In considering this, courts will need to be mindful of wider international legal obligations. In that context, it is notable that legislation had, in anticipation of a no-deal scenario, already started deliberately moving away from a situation which privileged UK-EU relations. For example, the Freedom of Establishment and Free Movement of Services (EU Exit) Regulations 2019 removed from the scope of retained EU law the rights of freedom of establishment and free movement of Services accorded to EU citizens under the TFEU (Treaty on the Functioning of the European Union). These regulations were introduced to ensure that the UK is “compliant with its World Trade Organisation (WTO) obligations, including the General Agreement on Trade in Services”. In other words, there was a concern that the continued recognition of these rights would show unlawful favouritism to EU members over other WTO members. Such concerns may now be lessened as a result of the EU-UK free trade agreement, settled on 24 December 2020. However, this nonetheless emphasises the difficult considerations which may arise when considering whether it is ‘right’ to depart from EU precedents.

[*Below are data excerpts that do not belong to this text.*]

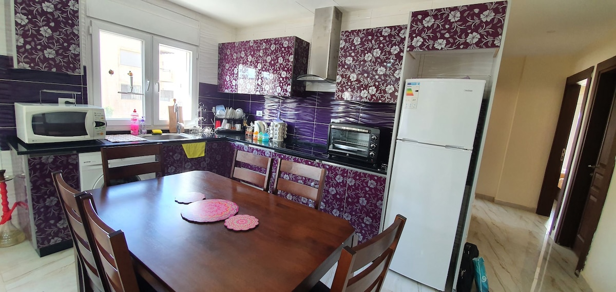 Sessiz bir semtte, geniş bir oturma ve yemek odası, özel balkonlu dinlenme odası ve tam donanımlı ferah bir mutfağa sahip, iki yatak odalı güzel ve modern bir daire (150 m²). İki banyo. Terastan Amman'ın harika manzarası görünüyor. Bir süpermarket, bir fırın, bir eczane ve toplu taşıma araçlarına 5 dakika mesafede. Khalda ve Al-Madina'nın hareketli sokaklarına 10 dakika mesafede. İyi bir gece uykusu çekmeyi sevenler için konumu harika.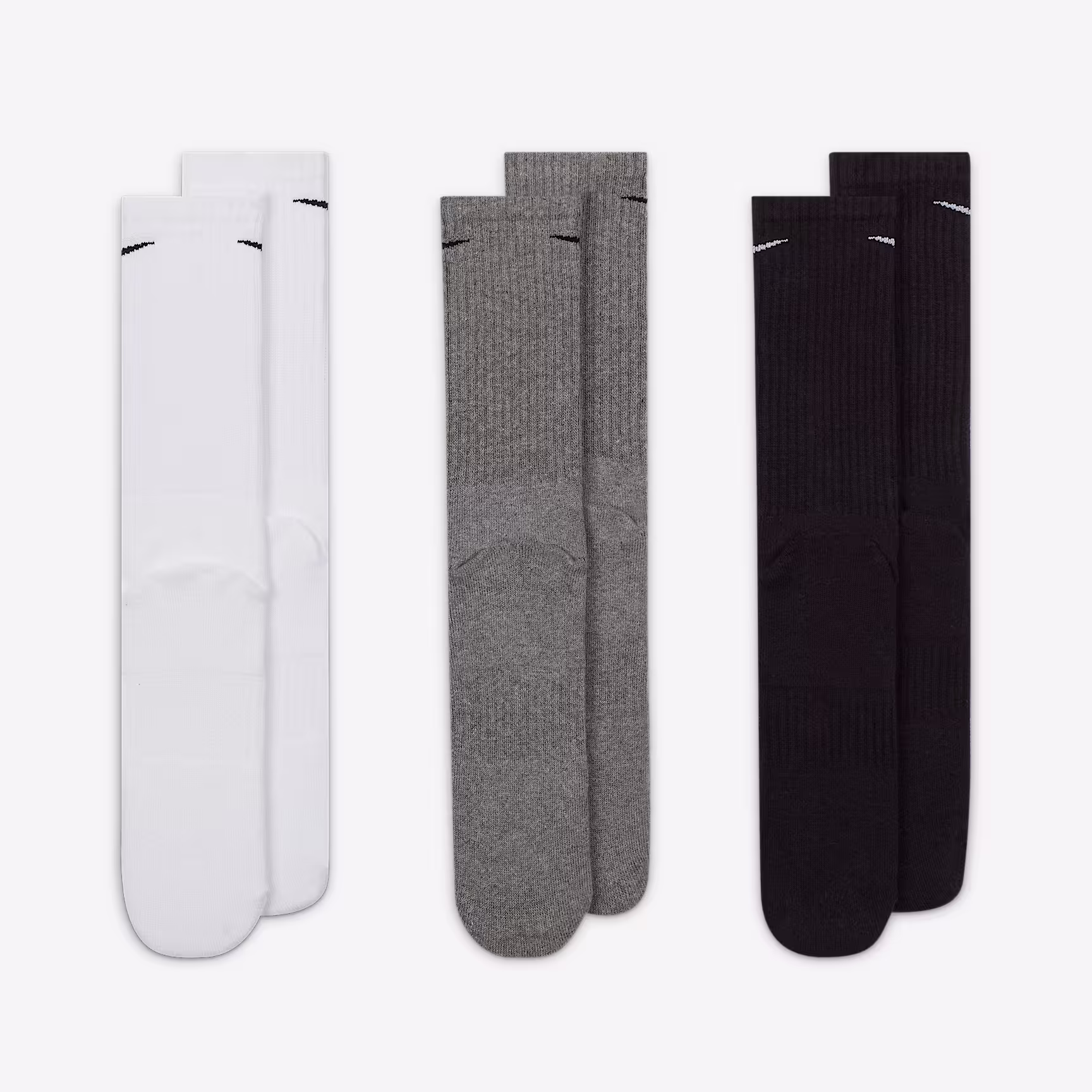 Power through your workout with the Nithtke Everyday Cushioned Socks. Sweat-wicking technology helps to keep you dry and cool, while the thick terry sole gives you comfort for those intense lifts and extra miles. The banded arch feels snug and supportive around your foot. 3-pair packaging means you always have a backup plan.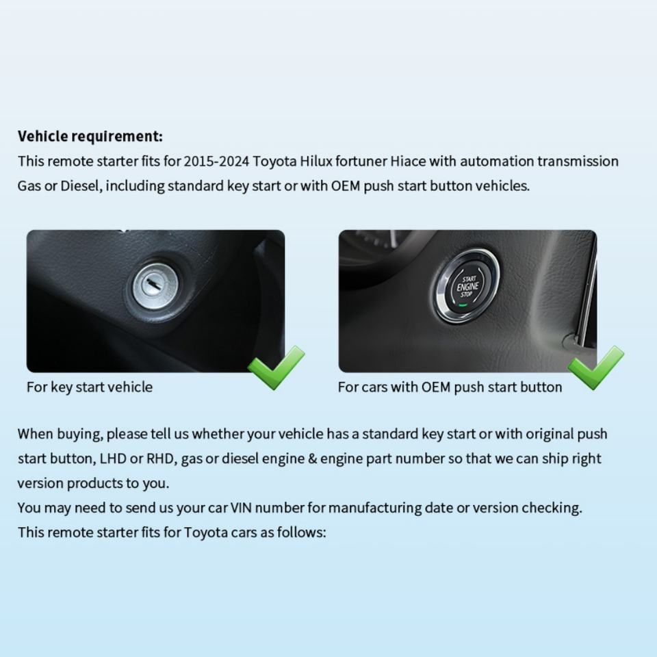 EASYGUARD Plug & Play Factory Key Remote Starter Fit for 15-24 Toyota Hilux Fortuner Hiace Automation Transmission Gas or diesel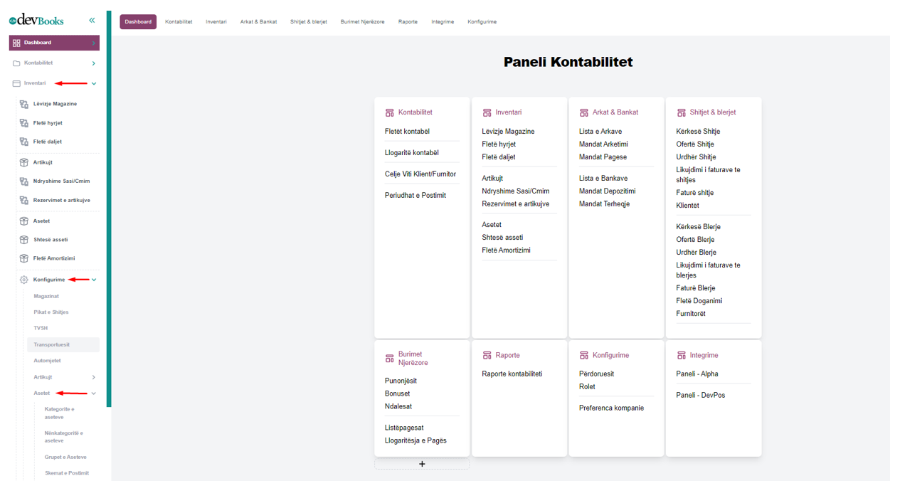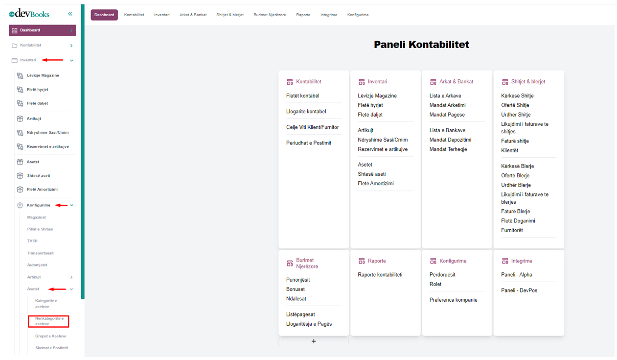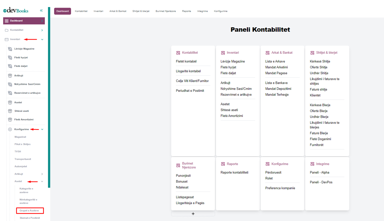 Klikoni ne modulin Inventari, në menunë Konfigurime, më pas klikoni nënmenunë Asetet.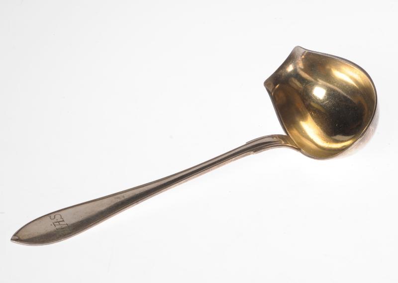 H 2884. Såsslev, nysilver, slät förutom inskription HÅS.L 17 cm, B 6,5 cm.

The Government has taken the deliberate step, by the Regulations, of extending the power to depart from retained EU case law from the Supreme Court to inter alia the Court of Appeal. As stated in its response to the consultation regarding the extension of the power (carried out pursuant to section 6(5A) of the Act), the rationale for the extension was to “help achieve our aim of enabling retained EU case law to evolve more quickly than otherwise might have been achieved” and to ease the burden on the Supreme Court. Certainly, extending the power to a wider range of courts will provide greater opportunities to exercise the power to depart from retained EU case law; however, with that opportunity comes the scope to re-litigate established issues. We consider it unlikely that the Regulations will ease the burdens on the Supreme Court, on the contrary we consider that both the Court of Appeal and the Supreme Court are, at least initially, likely to see a high number of appeals concerning the exercise of the power to depart from retained EU law.
This blog post first appeared as an article in the February issue of Butterworths Journal of International Banking and Financial Law.